## Problem to work on:
The listing below should be reproduced exactly, with the pictures omitted.
== Stored data ==
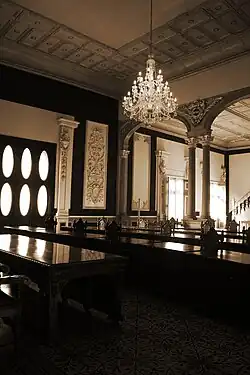 En su interior existen 104 habitaciones,[24] entre las que resaltan cuatro salones principales con colores distintivos: el Salón Rojo, utilizado desde su inauguración hasta la administración del general Maximiliano Hernández Martínez para la ceremonia de presentación de credenciales de embajadores o para las recepciones de la Cancillería Salvadoreña; Salón Amarillo, empleado como oficina del Presidente de la República; Salón Rosado, que alojaba a la Corte Suprema de Justicia, y posteriormente al Ministerio de Defensa;[31] y especialmente el Salón Azul, que fue declarado Monumento Histórico Nacional en 1974. En este aposento resaltan sus detalles jónicos, corintios y romanos; y fue allí donde se congregó la Asamblea Legislativa desde 1906. El nombre de dicha estancia fue heredado a la actual sala de reuniones del parlamento salvadoreño. También existe el Salón Jaguar en el que se visualizan elementos de la cultura indígena.[32]
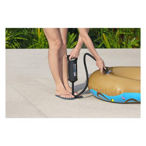 Combina prestazioni ed efficienza eccezionali con la pompa a doppio pistone alternativo bestway® air hammer™! Progettato per la massima portata d'aria. La pompa funziona sia con movimenti verso l'alto che verso il basso, il che accorcia l'intero processo di pompaggio su e giù. Il tubo flessibile e i 3 diversi adattatori per valvole consentono di utilizzare la pompa su molti articoli gonfiabili diversi. Non importa se hai una piscina per bambini, materassi ad aria, barche, ecc. – air hammer™ lo pomperà! La pompa è anche facile da trasportare e riporre.
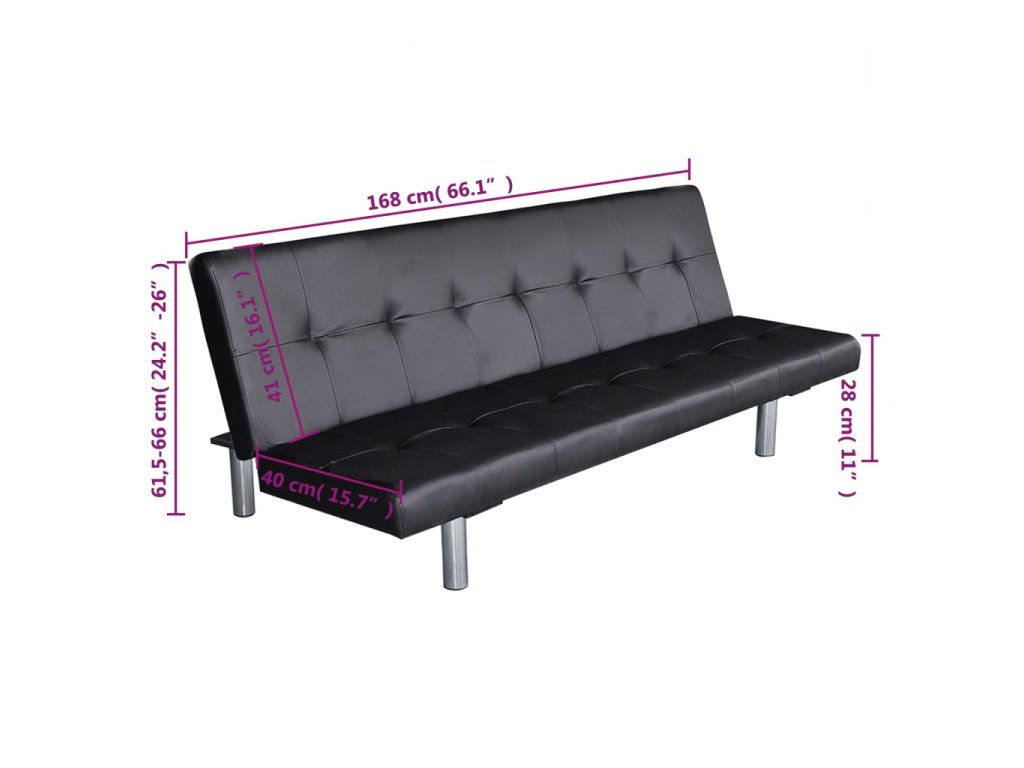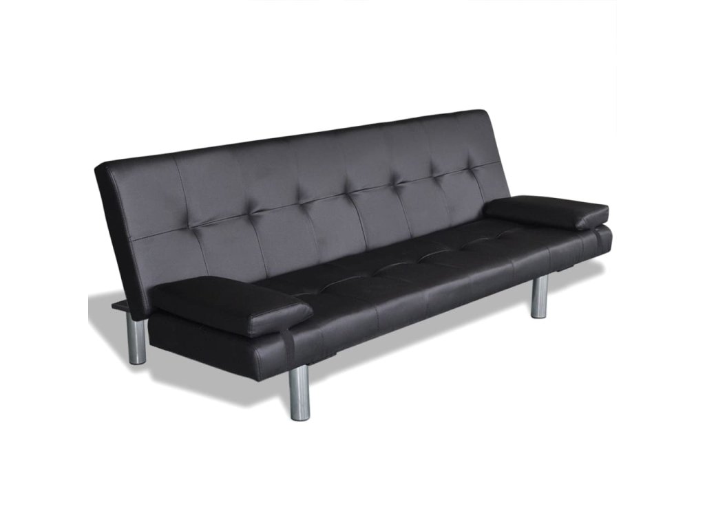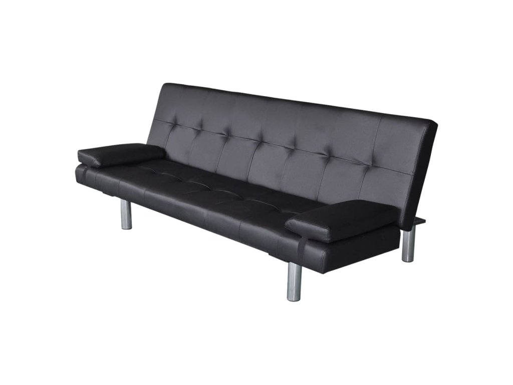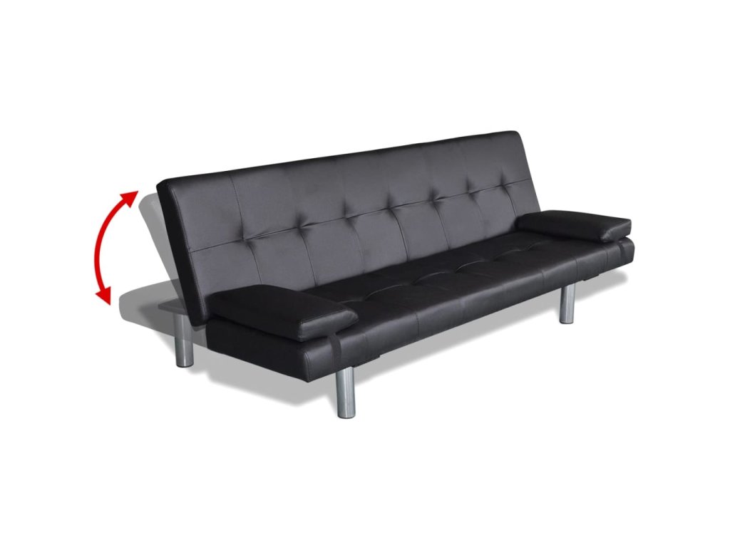 Rozkládací pohovka se 2 polštáři umělá kůže polohovatelná černá
===
## Answer to this problem:
 En su interior existen 104 habitaciones,[24] entre las que resaltan cuatro salones principales con colores distintivos: el Salón Rojo, utilizado desde su inauguración hasta la administración del general Maximiliano Hernández Martínez para la ceremonia de presentación de credenciales de embajadores o para las recepciones de la Cancillería Salvadoreña; Salón Amarillo, empleado como oficina del Presidente de la República; Salón Rosado, que alojaba a la Corte Suprema de Justicia, y posteriormente al Ministerio de Defensa;[31] y especialmente el Salón Azul, que fue declarado Monumento Histórico Nacional en 1974. En este aposento resaltan sus detalles jónicos, corintios y romanos; y fue allí donde se congregó la Asamblea Legislativa desde 1906. El nombre de dicha estancia fue heredado a la actual sala de reuniones del parlamento salvadoreño. También existe el Salón Jaguar en el que se visualizan elementos de la cultura indígena.[32]
 Combina prestazioni ed efficienza eccezionali con la pompa a doppio pistone alternativo bestway® air hammer™! Progettato per la massima portata d'aria. La pompa funziona sia con movimenti verso l'alto che verso il basso, il che accorcia l'intero processo di pompaggio su e giù. Il tubo flessibile e i 3 diversi adattatori per valvole consentono di utilizzare la pompa su molti articoli gonfiabili diversi. Non importa se hai una piscina per bambini, materassi ad aria, barche, ecc. – air hammer™ lo pomperà! La pompa è anche facile da trasportare e riporre.
 Rozkládací pohovka se 2 polštáři umělá kůže polohovatelná černá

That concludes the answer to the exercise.